Looking to get one mounted but wanted to see some examples that others may have. Not sure if i want to get it mounted flying or some other way to see all the colors. 

Please post some photos of mounts if you have em.

Thanks,


----------



## Gut_Pile (Dec 9, 2008)

don't have one mounted myself but I looked these up for you online to give you seom examples of what you can get. hope this helps


----------



## Nitro (Dec 9, 2008)

I am building inventory for this end result- 

Taxidermy by Shane Smith, Bridgeport,AL.

Good as it gets.


----------



## Bowman#3 (Dec 9, 2008)

That's a great looking mount Nitro
I just like eating them suckers to much!


----------



## Tombuster (Dec 9, 2008)

yea that looks real good, 

thanks for the help guys.


----------



## Nitro (Dec 9, 2008)

Bowman#3 said:


> That's a great looking mount Nitro
> I just like eating them suckers to much!



You can still eat em.
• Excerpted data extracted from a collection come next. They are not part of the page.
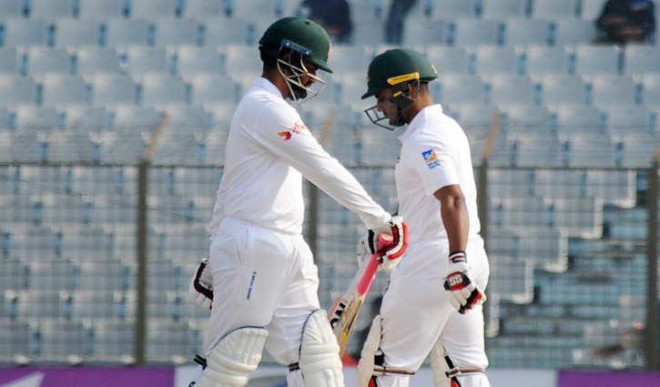 তামিমের ফিফটি: ক্যারিয়ারের ২৫তম টেস্ট ফিফটি পেয়েছেন তামিম ইকবাল। আক্রমণাত্মক ব্যাটিংয়ে ৪৬ বলে ফিফটি করতে ৬টি চারের সঙ্গে একটি ছক্কা হাঁকিয়েছেন বাঁহাতি এই ব্যাটসম্যান।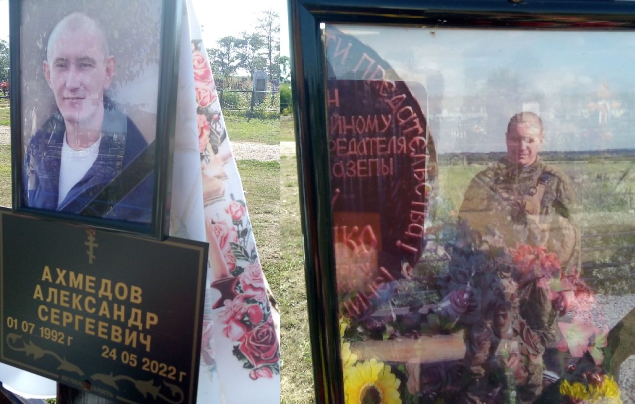 Речь идет об Александре Сергеевиче Ахмедове (1992 – 24 мая 2022) и Иване Васильевиче Арефьеве (1982 – 29 мая 2022). На могиле Арефьева – фото в камуфляжной форме рядом с пропагандистским памятником в оккупированном Россией Донецке. В открытых источниках информации о гибели Ахмедова и Арефьева нет.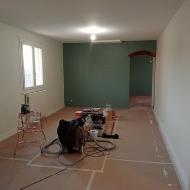 Ces photos présentent différents chantiers réalisés chez des particuliers : travaux de peinture, rénovation intérieure et pose de parquet. Chaque projet est réalisé avec soin afin de garantir un résultat propre et durable.
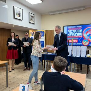 11.04.2025 w naszej szkole we współpracy z Miastem Piekary Śląskie odbył się wyjątkowy konkurs wiedzy o Chorwacji „Poznajem Hrvatsku”. Został on objęty honorowym patronatem Prezydent Piekar Śląskich – Sławy Umińskiej Kajdan. Ponad 40 młodych znawców Chorwacji z piekarskich szkół podstawowych zmierzyło się w dwóch kategoriach wiekowych (klasy 4-6 i 7-8).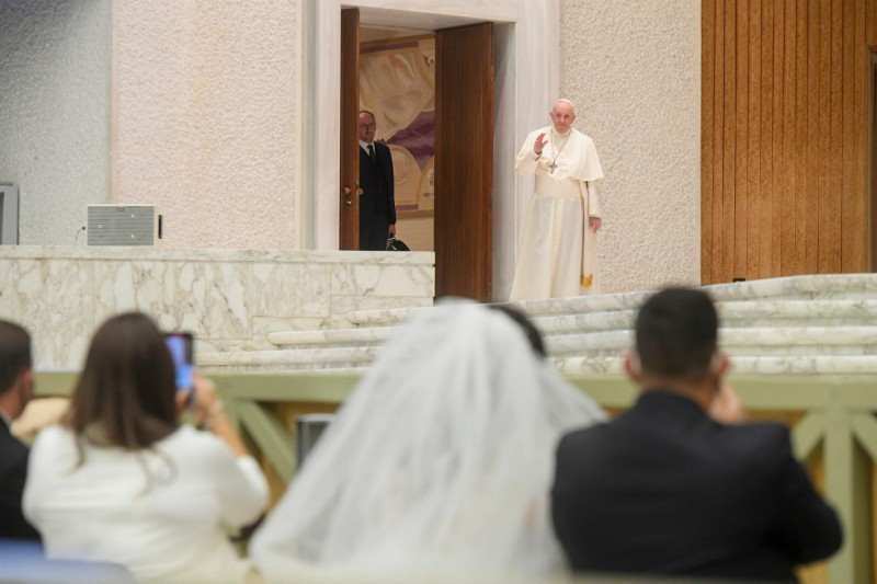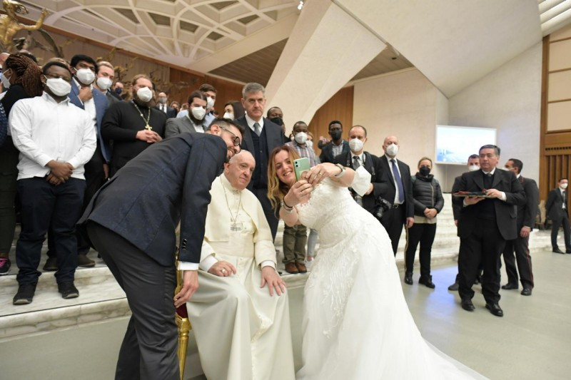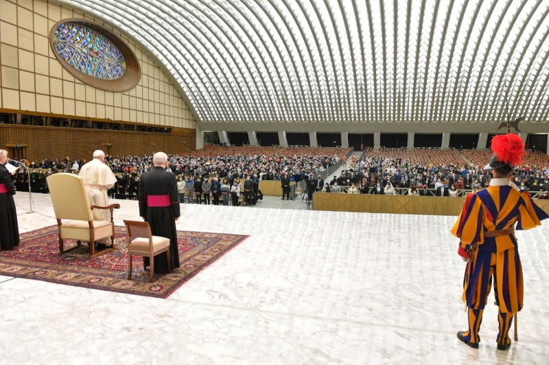 A mai általános kihallgatás végén a Szentatya nem tudta a szokásos módon köszönteni a VI. Pál teremben a lépcső előtt tartózkodó hívőket. A pódium szintjéről a pápa a termen kívül, vélhetően lifttel ment le a terem szintjére, és a teremben középen egy széken ülve üdvözölte a hívőket.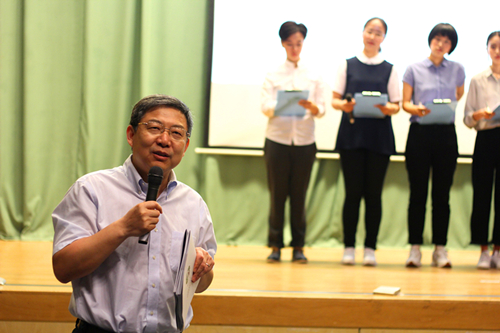 在最后一天新闻学答辩现场,李清泉校长不期而至,并为同学们打气,希望同学们能够在此平台上对自己四年所学的知识和能力做出充分展示。

Just takes a little longer to skin em for a mount.......

And I agree, they are tasty. I cooked a pile of em two weeks ago.


----------



## dognducks (Dec 9, 2008)

Nitro said:


> I am building inventory for this end result-
> 
> Taxidermy by Shane Smith, Bridgeport,AL.
> 
> Good as it gets.



That is a killer looking mount. All his work is truely amazing


----------



## TurkeyH90 (Dec 10, 2008)

*taxidermy*

Wow!!! I am very critical of anyones taxidermy besides Trails End but that guy is OUTSTANDING!!!Love that table mount.


----------